И еще одному нас научила фантастика: нет фантастической вещи, и каждая вещь может быть фантастична.
Есть фантастика, которая воспринимается как провинциальные декорации, с этими тряпками нечего делать. И точно так же есть быт, который воспринимается как провинциальная декорация. Есть вещи (настоящие, подлинно бывшие или каждый день случающиеся вещи), которые так повернуты в нашей литературе, что их уже просто не различаешь. Так произошло с героем-чекистом. Демон-чекист Эренбурга, и мистик-чекист Пильняка, и морально-педагогический чекист Либединского — просто стерлись, сломались. Происходит странное дело: литература, из сил выбивающаяся, чтобы ‘отразить’ быт, — делает невероятным самый быт. После Эренбурга, и Пильняка, и Либединского мы просто не верим в существование чекистов. То же и о расстреле. Расстрел прошел все литературные стадии — и его остается только отменить. Вот например:
‘Была морозная зимняя ночь. С колдовской луной, окруженной кольцом… Мне не хотелось говорить, я слишком устал за день и отдыхал в безмолвии этой синей, слегка морозной ночи… мы въехали в монастырский лес, в сборище волшебных деревьев, заиндевевших, похожих на предсмертные мечты замерзающего. Иногда деревья расступались, и видны были зачарованные синие полянки’.
Это вовсе не из ‘Задушевного слова’, и это вовсе не гимназист, отдыхающий на рождественских каникулах. Это воспоминания чекиста о расстреле из повести Либединского ‘Неделя’. И так же обстоит со всеми разнообразными способами убийства, которые описьшает Шишков. Они больше не воспринимаются литературно.

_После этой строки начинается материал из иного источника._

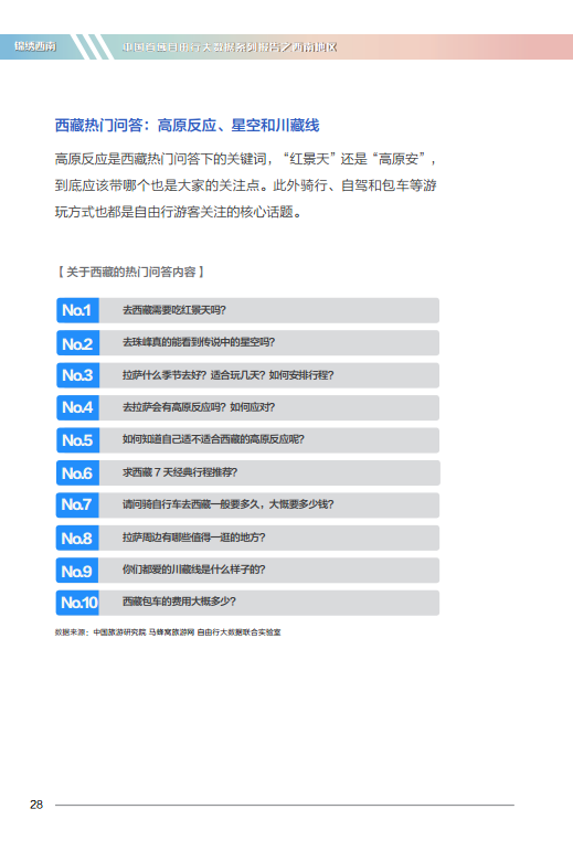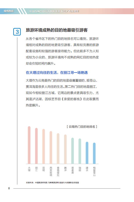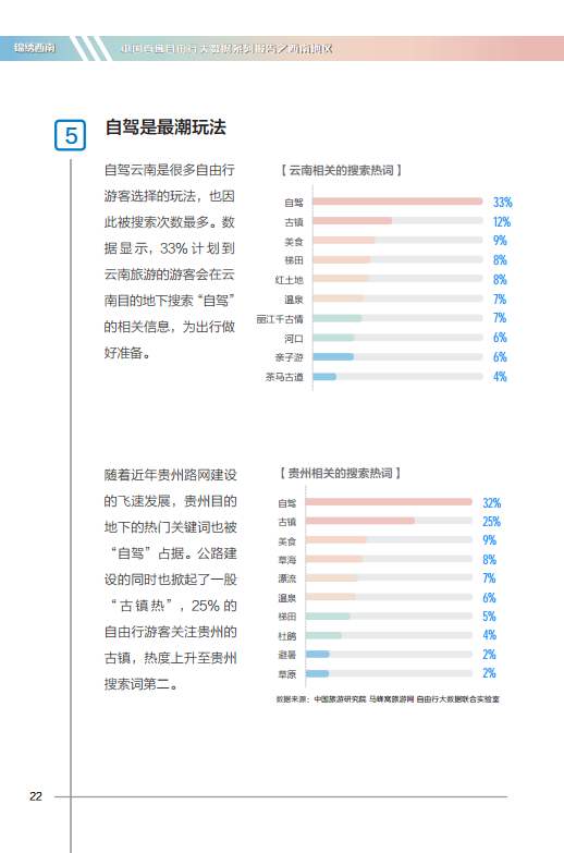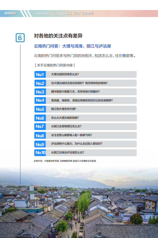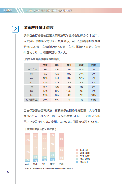 中国旅游研究院戴斌院长指出:随着消费经验的成熟,特别是智慧旅行的普及,自主化决策、自助旅游、自由行已经成为当前和今后一个时期旅游市场的基本特征。2018年5月24日,中国旅游研究院与马蜂窝旅游网联合成立的“自由行大数据联合实验室”发布了《锦绣西南——中国省域自由行大数据系列报告之西南地区》。

Для того чтобы литература зацепляла быт, она не должна его отражать, для этого литература — слишком ненадежное и кривое зеркало, она должна сталкиваться в чем-то с бытом. Так сталкивался с бытом Пушкин, и так не сталкивался Златовратский. ‘Отражающая’ литература поделила между собою темы по литературным группировкам — деревню и провинцию получили писатели, пишущие образной прозой, город—новеллисты, идущие от натуралистической новеллы 80-х годов.
Недаром всплыла экзотическая сибирская деревня Всеволода Иванова и Сейфуллиной. Всеволод Иванов — крепкий писатель, владеющий диалектизмом, строящий стиль на богатой лексической окраске. Таковы его ‘Цветные ветра’, где тема — крестьянский бунт—дана в буйной, почти заумной лексике, не нуждающейся в значении: ‘Уй-бой’.
Всеволод Иванов — писатель малой формы, вернее — расплывчатой формы, которая держится ярким словом. Как только он уходит от своего буйного словаря — большая вещь ему не удается, обнажается серый, тянущийся сюжет (‘Голубые пески’). Но в малой форме он интересен. Такой рассказ, как ‘Долг’, доказывает, что Всев. Иванов не стоит на месте. Здесь язык Иванова сдержан (к сожалению, появились пильняковские интонации), интерес сосредоточен на фабуле, и герои убедительны. Следом за Всев. Ивановым идет Л. Сейфуллина. Она хуже владеет языком, более сдержанна, менее экзотична (удачный рассказ — ‘Правонарушители’).
Многое у Всев. Иванова берет и Никитин (‘Бунт’) — петроградский писатель, пишущий по законам своего стиля о провинции. (Теперь он написал ‘На Западе’, но Запад у Никитина тоже провинциальный, где-то в губернском городе.) Писатель Никитин — несобранный, переимчивый. Кое-что есть у него от Пильняка, кое-что от Иванова. У Никитина хорошее наполнение, некоторые вещи интересны (‘Пес’), — но его лирическая проза с мягкой путаной фразой как-то удивительно неэнергична.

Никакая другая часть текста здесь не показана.